The availability, amount, and type of biomass will determine the types of technologies appropriate for the specific biomass project. This approach reflects that several generic supply chains will dominate for each type of project based on the availability of biomass and choice of technology.
Typical Biomass Resources and Supply Chains
Figure 2 shows the most suitable biomass types (primary, secondary, and tertiary) and their supply chains. The figure provides a flow chart for biomass waste and residues available for energy production in developing countries and emerging economies across the globe.
For each of the typical biomass types, this section presents the following information:
▪ Industry (agriculture, forestry, food production)
▪ Type (primary, secondary, tertiary)
▪ Feedstock (wood, agricultural)
▪ Characteristics (calorific value, biogas potential, chemical composition, moisture content)
▪ Energy conversion process applicable (boiler, gasification)
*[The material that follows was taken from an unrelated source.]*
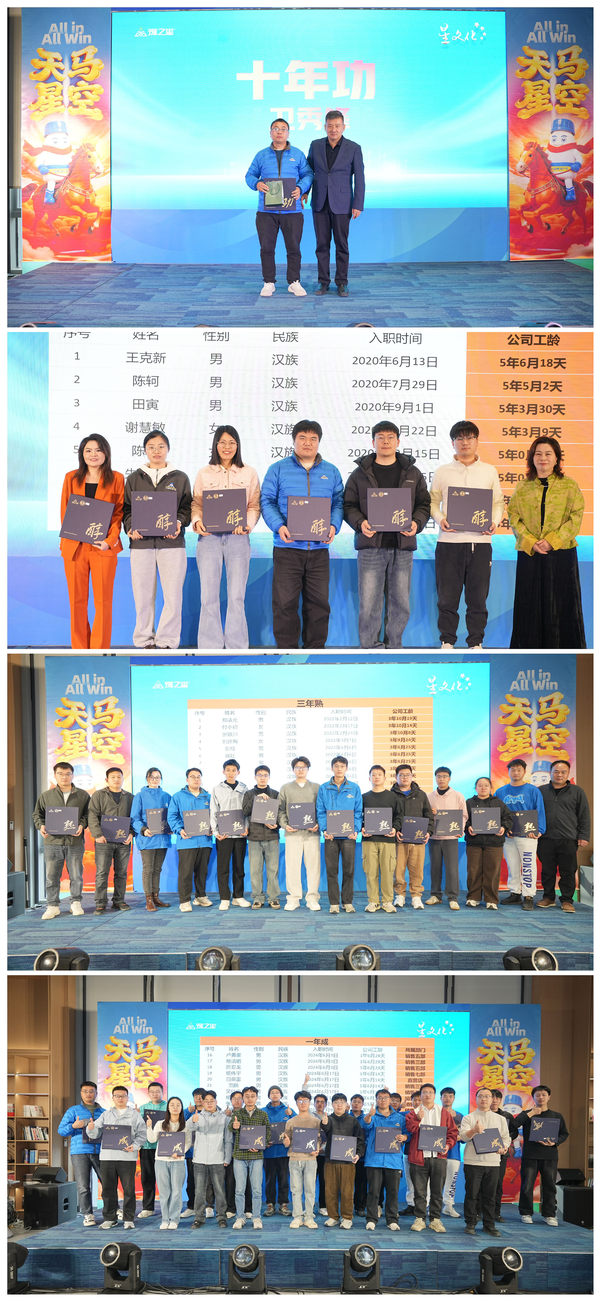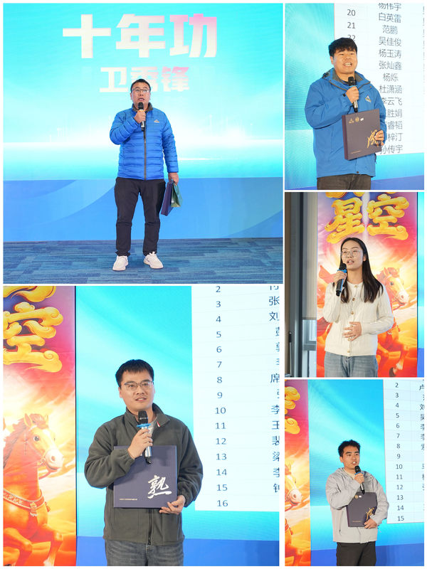 年度颁奖盛典同步上演,年度之星、优秀团队等多个重量级奖项逐一揭晓,表彰过去一年里默默耕耘、业绩突出的个人与集体。获奖者登台领奖,部分代表分享成长心得,用真实经历传递奋斗力量,激励全场员工奋勇争先、再创佳绩。

Typical Biomass Resources and Supply Chains
Figure 2 Flow Chart of Biomass, from Field to Plant

Table 2 provides a cross-cutting overview of the different types of biomass available from primary, secondary, and tertiary sources.

Primary sources refer to energy crops harvested for the purpose of energy generation; no other use of the crop is foreseen. These include woody biomass, such as plantation trees (for example, eucalyptus), and herbaceous biomass, such as energy grass or grain (for example, for biofuel production).

Secondary crops refer to byproducts used for energy production. As such, the main crop harvested (for example, grain for food and feed) is not used for energy generation, but any residues (straw, husks, shells) are. Similarly, for woody biomass, the main crop is not used for energy generation (for example, wood is harvested for use as planks or in paper production), while logging byproducts are used for energy generation.
Tertiary sources refer to end-of-life materials, such as discarded wood products or household waste and other biological waste.